8. Commitments and Contingencies

Leases

The Company leases office space under various non-cancelable operating leases. There have been no material changes to the Company’s leases during the three months ended March 31, 2025. For additional information, please read Note 12, Leases, to the consolidated financial statements in the Company's Annual Report on Form 10-K for the year ended December 31, 2024.

Indemnification Agreements

In the normal course of business, the Company may provide indemnification of varying scope and terms to third parties and enters into commitments and guarantees (“Agreements”) under which it may be required to make payments. The duration of these Agreements varies, and in certain cases, is indefinite. Furthermore, many of these Agreements do not limit the Company’s maximum potential payment exposure.

In addition, the Company has entered into indemnification agreements with members of its board of directors and executive officers that will require the Company, among other things, to indemnify them against certain liabilities that may arise by reason of their status or service as directors or officers.

Through March 31, 2025, the Company has not incurred any material costs as a result of such indemnification obligations. The Company does not believe that the outcome of any claims under indemnification arrangements will have a material effect on its financial position, results of operations or cash flows, and it has not accrued any liabilities related to such obligations in its consolidated financial statements as of March 31, 2025 and December 31, 2024.

Legal Proceedings and Other Contingencies

On May 15, 2024, Tim Presto, individually and in his capacity as Seller Representative of Ryan McClintock, Edward Hames and Tim Presto, the former equity owners (collectively, the “Sellers”) of Kanopy Insurance Center, LLC, One Eight Software, Inc., Parachute Insurance Services Corp., and Policy Fuel, LLC (collectively, the “Acquired Entities”), brought a civil action (the “Delaware Action”) in the Court of Chancery in the State of Delaware (the “Court”) against the Company alleging, among other things, breaches of the 2021 Equity Purchase Agreement governing the Company’s acquisition of the Sellers’ equity interests in the Acquired Entities. On May 1, 2025, the Company agreed to sell to Messrs. Presto and Hames (collectively, the “Buyers”) the right to receive commissions under the remaining property and casualty carrier contracts related to its direct to consumer agency and certain related software and obligations related to that commission stream by entering into and contemporaneously closing a Purchase and Sale Agreement (the “Purchase Agreement”) with the Buyers. Pursuant to the Purchase Agreement, the Company sold Parachute Insurance Services Corp. and One Eighty Software, Inc. (collectively, the “Parachute Companies”) to the Buyers for cash consideration of $0.5 million and entering into a settlement agreement with the Buyers and Mr. McClintock to resolve all disputes and/or claims asserted by Mr. Presto individually and in his capacity as Seller Representative for himself, Mr. Hames and Mr. McClintock and others in the parties’ litigation.
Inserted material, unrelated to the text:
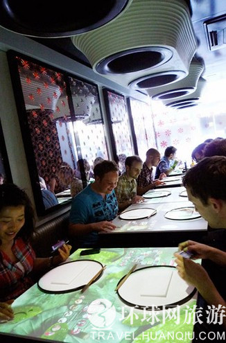 英国媒体日前报道,在伦敦最时尚的Soho区,你可以在沃德街找到一家带有浓厚亚洲气息的餐厅,你在这里不会因为等餐而无聊,还可以与朋友一起玩最先进的桌面互动游戏,甚至你还可以选择田园式的乡村景象来安抚情绪。所有的这一切,让这家名叫Inamo的餐厅座无虚席,因为这里采用的是触摸点餐系统,让人仿佛感觉进入到未来。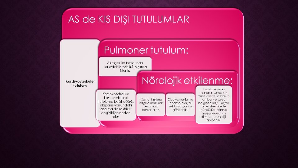 AĞRININ KONTROLÜ SEKONDER AMİLOİDOZ GELİŞİMİNİN ENGELLENMESİ OMURGADA ŞEKİL BOZUKLUĞU OLUŞMASININ ENGELLENMESİ TEDAVİ HEDEFLER İ İNFLAMASYONUN BASKI ALTINA ALINMASI KARDİYAK TUTULUMUN ENGELLENMESİ OMURGANIN HAREKETLERİNİN KORUNMASI PULMONER TUTULUMUN ENGELLENMESİ

In accordance with ASC 450 Contingencies, the Company assesses the probability of realizing a material loss contingency for potential losses at each period end. Based on this assessment, the Company has recorded a legal settlement liability of $8.2 million, representing the difference between the fair value of the commissions receivables, customer contracts and developed technology sold in May 2025 to settle the litigation, and proceeds expected to be received for such assets, of which $7.9 million was recorded as legal settlement expense in the three months ended March 31, 2025.

The Company is from time to time subject to various other legal proceedings and claims, either asserted or unasserted, which arise in the ordinary course of its business. While the outcome of these claims cannot be predicted with certainty, management does not believe, based on its current knowledge, that the outcome of any of these other legal matters will have a material adverse effect on the Company’s consolidated results of operations or financial condition. Notwithstanding the foregoing, the ultimate outcome of any other legal proceedings involves judgments, estimates and inherent uncertainties, and cannot be predicted with certainty. It is possible that an adverse outcome of any matter could be material to the Company's business, financial position, results of operations or cash flows as a whole for any particular reporting period of occurrence. In addition, it is possible that a matter may prompt litigation or additional investigations or proceedings by other government agencies or private litigants.